Alexander tilted his head up and back. Tatiana was gazing at him. She leaned over and kissed his forehead.
“What’s with the forehead?” he said to her. “What is this, Deer Isle?” The commercial break was over—and then the phone rang. In two seconds, all the kids off him, Tatiana’s lips off him, Alexander was up and in the gallery by the receiver, talking quietly, talking low, having forgotten about everything.
“I don’t understand,” Tatiana said to Alexander later that night. “Why are you talking to the Director of Military Intelligence? What would
he
know about Anthony?”
“I’m just trying all the options,” he said. “I’m doing everything I can.”
“That’s good, but why are you calling the commander at Arizona’s military installation? Why would a nice man, who has not left the base in thirty years, know anything about Anthony in Pleiku?”
“Just trying all the options, Tania.” And Alexander turned his back to her.
And so Tatiana turned her back to him, turned her back to the fortress they had built around the two of them, the fortress around which the moat was wide, and the gates were shut, and there was no entry for anyone but them.
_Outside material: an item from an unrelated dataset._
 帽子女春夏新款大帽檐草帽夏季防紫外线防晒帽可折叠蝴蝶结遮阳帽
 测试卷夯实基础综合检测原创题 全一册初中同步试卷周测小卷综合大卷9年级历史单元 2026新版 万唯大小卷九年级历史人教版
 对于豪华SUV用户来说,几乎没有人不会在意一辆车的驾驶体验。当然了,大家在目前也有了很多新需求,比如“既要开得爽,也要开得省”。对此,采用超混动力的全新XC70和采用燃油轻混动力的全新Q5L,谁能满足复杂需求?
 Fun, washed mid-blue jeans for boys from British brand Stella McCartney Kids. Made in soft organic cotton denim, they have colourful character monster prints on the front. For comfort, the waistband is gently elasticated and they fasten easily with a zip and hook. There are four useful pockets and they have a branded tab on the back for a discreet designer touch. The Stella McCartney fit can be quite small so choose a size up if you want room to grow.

The things that had brought them together, that had kept them together—no one knew those stories, only they knew them—and Anthony, the boy who had lived Deer Isle with them, who had lived through being orphaned for Berlin with them. Their later children, their later friends, none of them knew. The stories fell into the forested chasms of the past.
The weeks passed.
“Please—let’s just wait and see.” Tatiana kept reciting the hollow words to her increasingly despondent husband. She paced around him every feverish night, never still, not when she cooked, or read to the kids, or lay in bed with him. Some part of her was always moving, always pacing around her pride. “Let’s just…we don’t know anything. Let’s just wait until they find him.”
“Find him where?” Alexander was sitting outside in his chair, smoking. He was not pacing.
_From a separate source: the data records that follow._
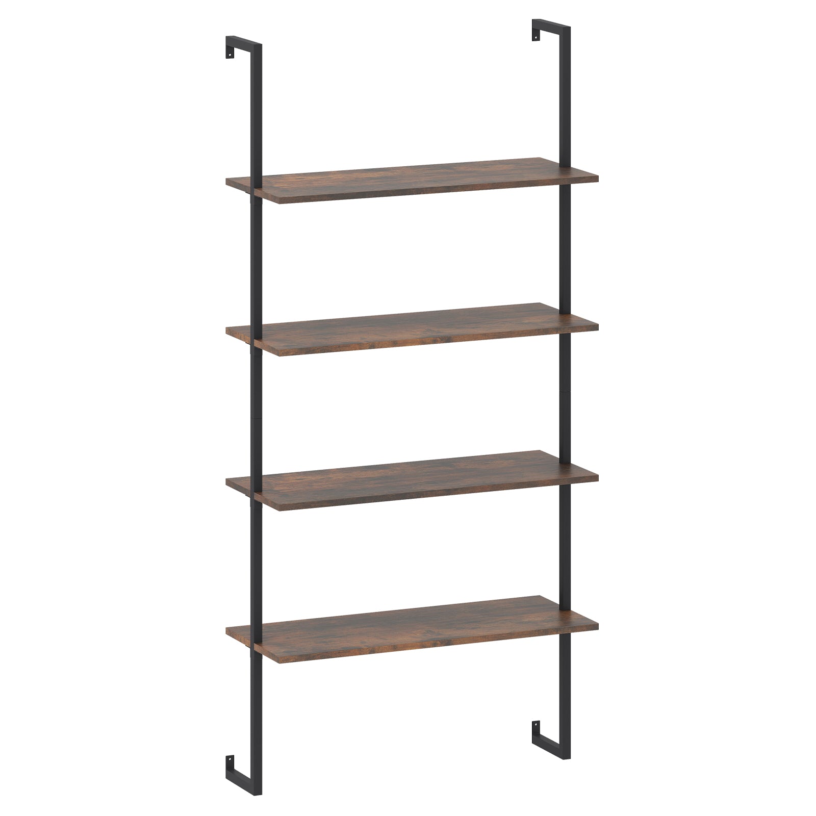 - Industrial-style wall-mounted ladder shelf with 4 shelves for ample storage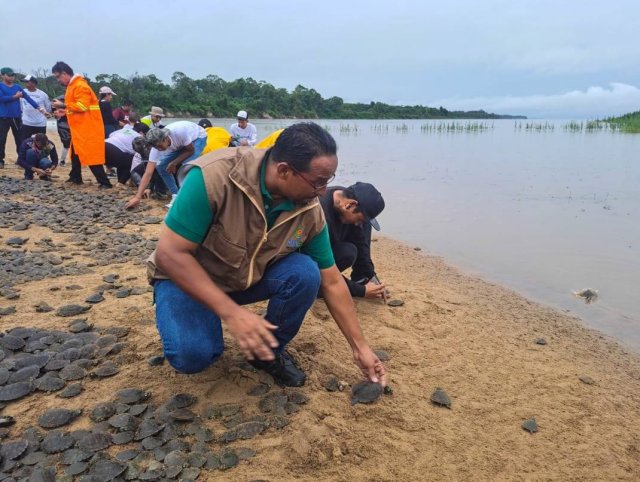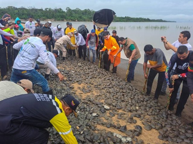 Экологи из Венесуэлы выпустили в дикую природу 20 тысяч исчезающих черепах Аррау (4 фото)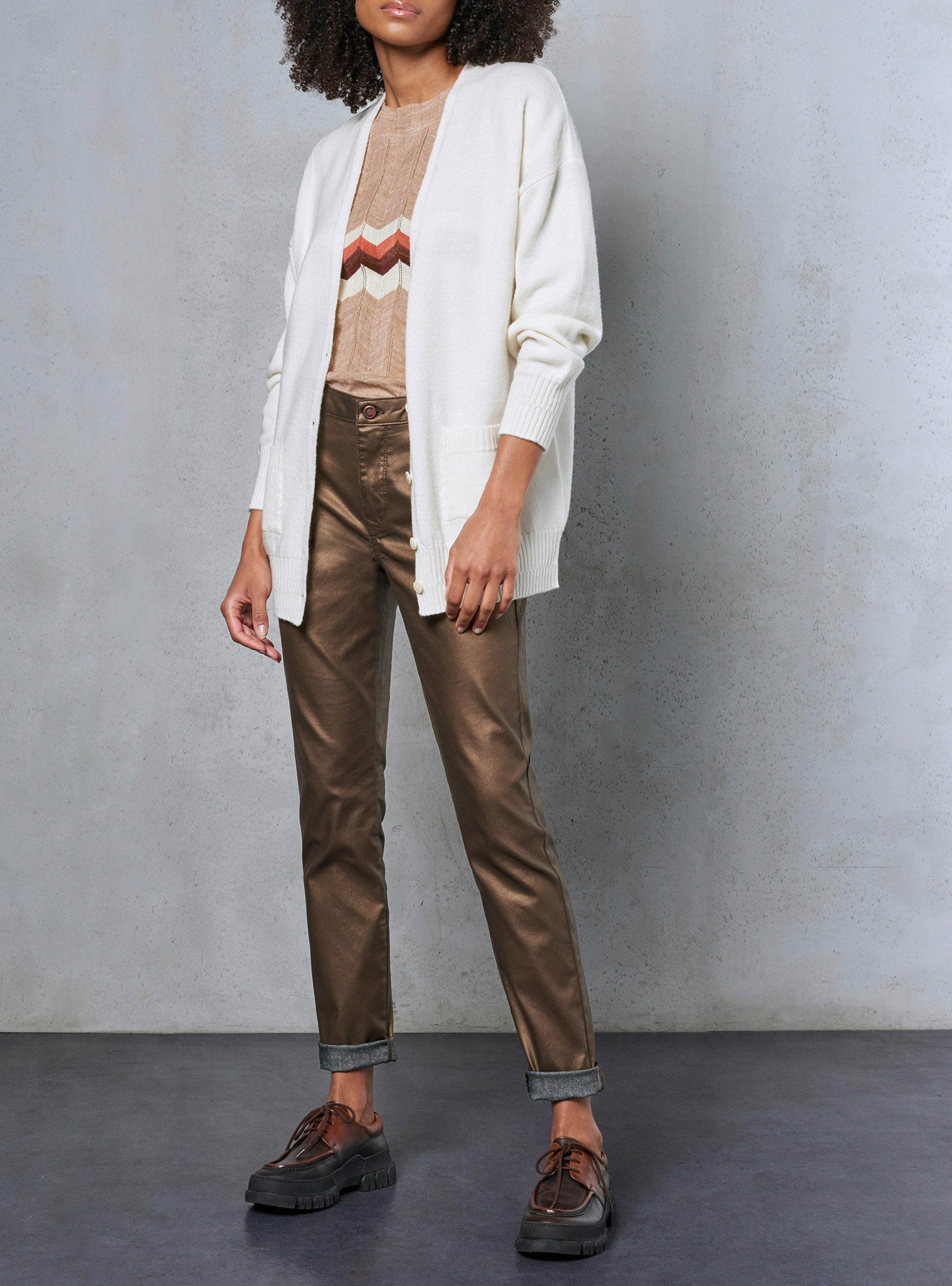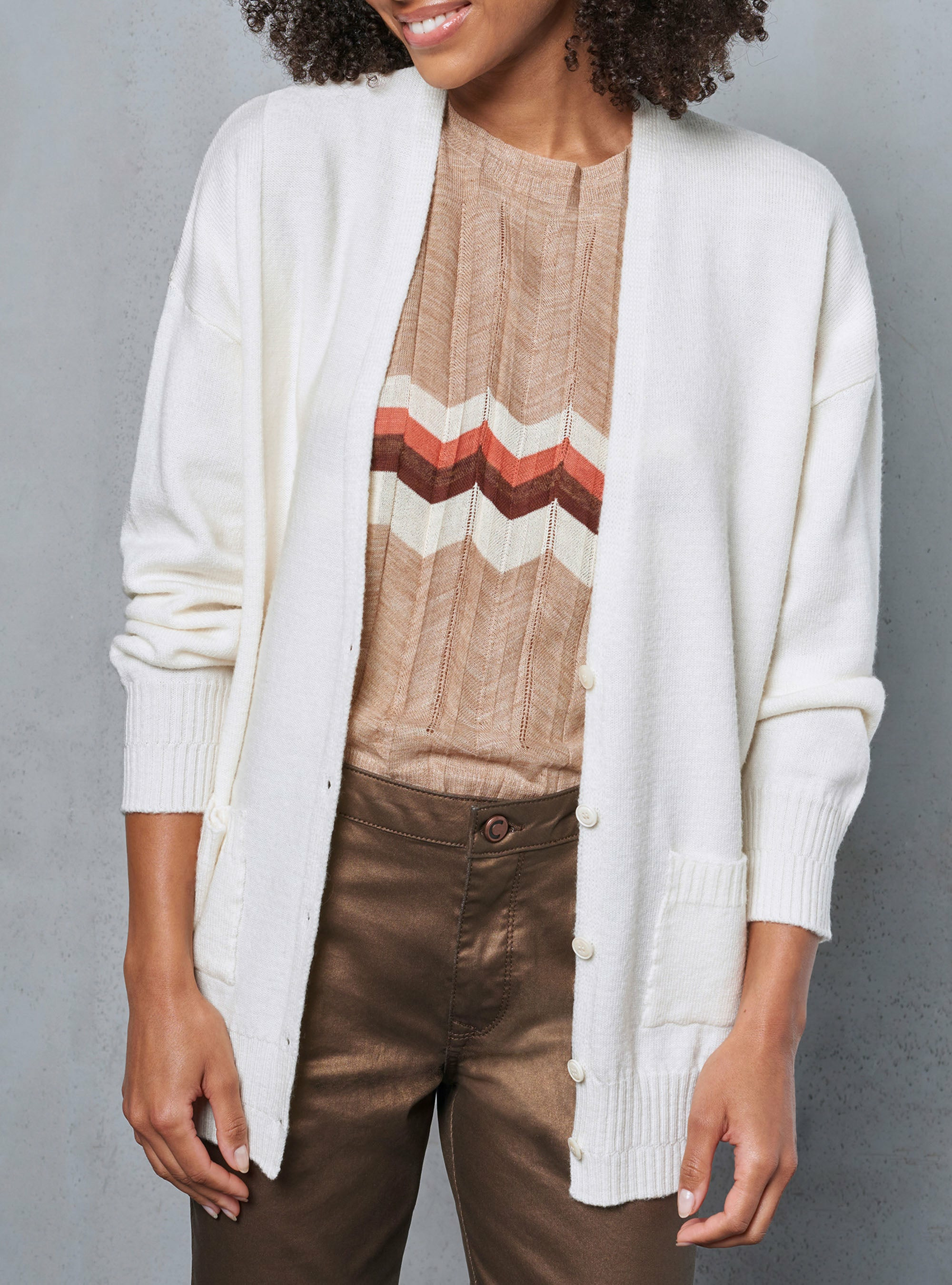 - Finitions par un bord-côte : bas de manches et bas du cardigan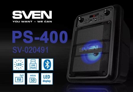 ие характеристики Выходная мощность (RMS): 12 Вт Частотный диапазон: 100 – 20 000 Гц Диаметр динамика: 108 мм Вес: 1,4 кг Размеры: 252 × 330 × 177 мм Тип подключения: Bluetooth, AUX, USB, microSD Аккумулятор: Li-Ion, 3.7 В, 1200 мА·ч Зарядный разъём: microUSB Радиус действия Bluetooth: примерно до 10 м SVEN PS-400 ключевые особенности Беспроводное и проводное подключение Поддержка Bluetooth — легко подключить смартфон, планшет или ноутбук без кабелей. Возможность TWS (True Wireless Stereo): соединение двух колонок PS-400 к одному источнику для создания стереопары и более широкого звукового поля. Проводной AUX-вход — классический способ подключения, если нужен стабильный звук или заряд батареи. Функция караоке Колонка имеет микрофонный вход, что позволяет использовать её для караоке-вечеринок. Громкость голоса можно регулировать через панель управления. Медиа-поддержка Устройство может воспроизводить музыку с USB-флешек и карт microSD, что делает его независимым от смартфона или ПК. FM-радио Встроенный FM-тюнер (87.5–108 МГц) позволяет слушать радиостанции. Для приёма используется кабель — он одновременно служит антенной. LED-дисплей и эквалайзер На LED-экране отображается частота радиостанции, уровень громкости, время трека (при воспроизведении с USB/microSD). Также есть встроенный эквалайзер, который позволяет подстроить звучание под помещение или музыкальный жанр. Подсветка RGB-подсветка не только динамическая, но и отключаемая — можно выключить, если она не нужна. Переносимость Корпус имеет прочную цельную ручку, что облегчает транспортировку. Автономность Встроенный литий-ионный аккумулятор на 1200 мА·ч (3.7 В, ёмк. ~4.44 Вт·ч) обеспечивает до 10 часов работы без подзарядки. Питается через microUSB. Преимущества для оптовой компании и ритейлеров Широкий рынок: PS-400 подходит и для развлекательного сегмента (вечеринки, караоке), и для бытового использования (музыка дома, радио), что делает её универсальным товаром. Хорошее соотношение цена-качество: функциональность выше, чем у простых портативных колонок, а цена доступная для массового потребителя. Бренд SVEN: надёжный бренд, хорошо известен на рынках, что облегчает продвижение и продажу. Аксессуар-напряжение: потребители могут покупать её как подарок или как автономную акустику, а возможность синхронизации двух колонок по TWS позволяет продавать «двойные» наборы. Лёгкость логистики: вес ~1,4 кг, компактные габариты — удобно хранить на складе, перевозить, сортировать. Долгий срок эксплуатации: литий-ионный аккумулятор, современный интерфейс подключения, подсветка — добавляют ценность. Где и как использовать Магазины электроники и гаджетов: как премиум-портативную колонку. Музыкальные магазины и DJ-ритейлеры: для клиентов, которые хотят компактную, но мощную систему для вечеринок. Подарочные корзины: в комплекте с микрофоном колонка может стать отличным подарком. Офис и корпоративные клиенты: как устройство для фоновой музыки или для небольших тимбилдингов. Онлайн-продажи: благодаря удобной упаковке и высокой популярности Bluetooth-колонок. SVEN PS-400 — это продуманная портативная акустическая система с богатым набором функций: Bluetooth и TWS, караоке, медиаплеер (USB/microSD), FM-радио, RGB-подсветка, LED-дисплей и хороший запас автономности. Для оптовой компании это отличный товар, способный привлечь широкий круг покупателей — от молодежи, устраивающей вечеринки, до офисов и домашних поль

“Let’s just see, okay?” she said, back and forth in front of him.
“You’re saying let’s just see if something of him will be found? Let’s see if he stepped on a mine, or if an RPG-7 hit him?” Alexander was loud. “Or if he was in a freak explosion coming back to Kontum? Well, I’m not waiting for that! Are
you
waiting for that?”
“Stop it,” she whispered. Her voice shook. “I’m just telling you to have a little faith, soldier. A little faith, that’s all.” Tatiana’s hands were twisted in front of her.
Alexander stopped speaking. “How do I regain my faith,” he whispered at last, “when there seems to be so little cause for faith?”
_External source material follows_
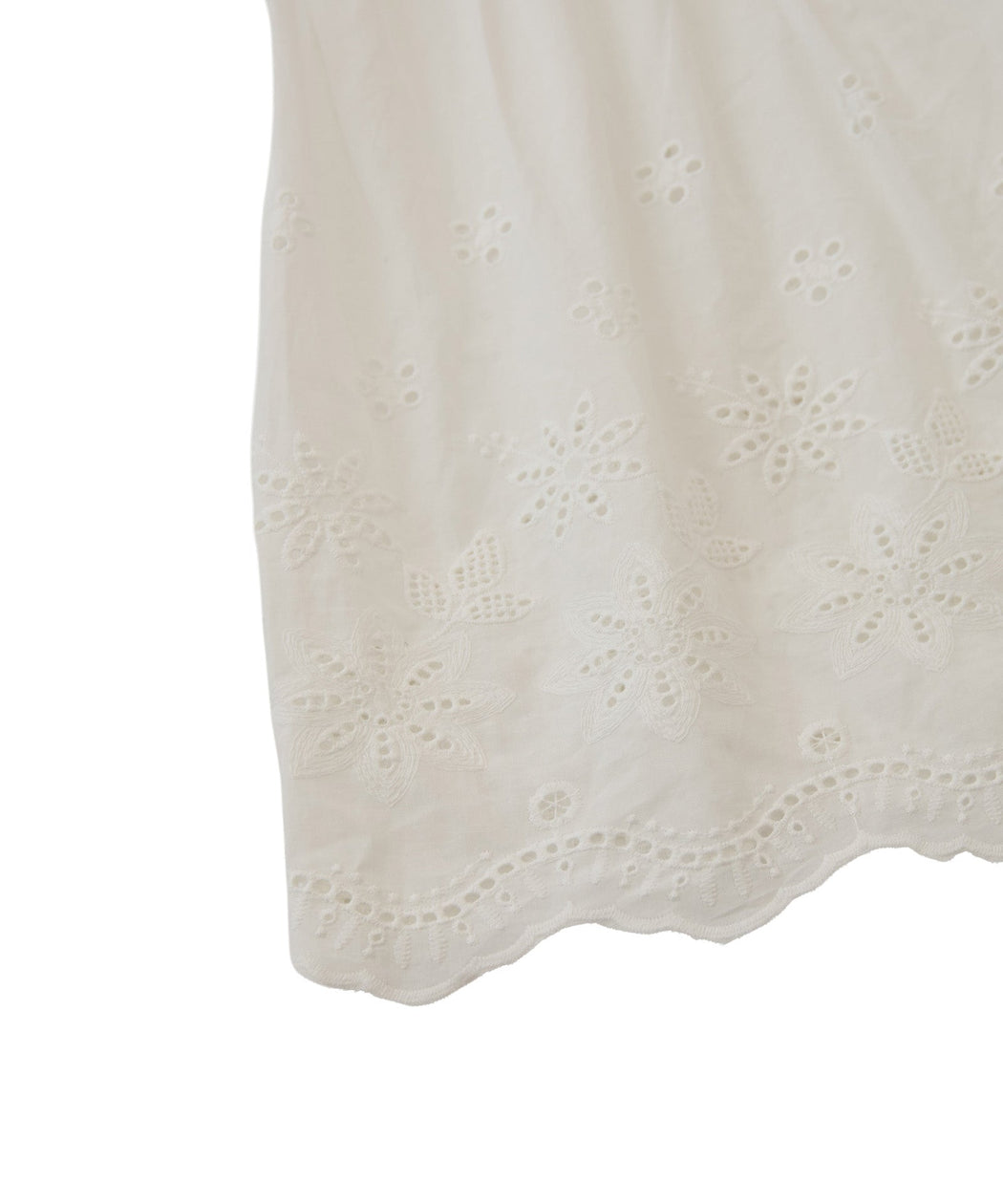 無地のニットを合わせて、レースの繊細さを引き立てた上品なスタイルに。

She would have wept if she didn’t see him in such desperate need of her comfort. It was the only thing that stopped her from disintegrating on the travertine tile, from turning to ashes. “Please,” Tatiana whispered in an unconvincing voice. “Maybe they’re right, maybe he’s gone AWOL—”
“Yes, let’s hope for that. Maybe he is AWOL,” Alexander said. “Perhaps he is addicted. Perhaps his own opiate of a girl smoked up his head and then some, and now he is in the Ural Mountains with her.”
“I’d rather he be AWOL than dead!”
“If he is AWOL, he’ll be court-martialed,” said Alexander. “After thirty days, there is little difference between AWOL and desertion. Do you really want Ant to be court-martialed for desertion during wartime? He won’t be alive for long, Tania.”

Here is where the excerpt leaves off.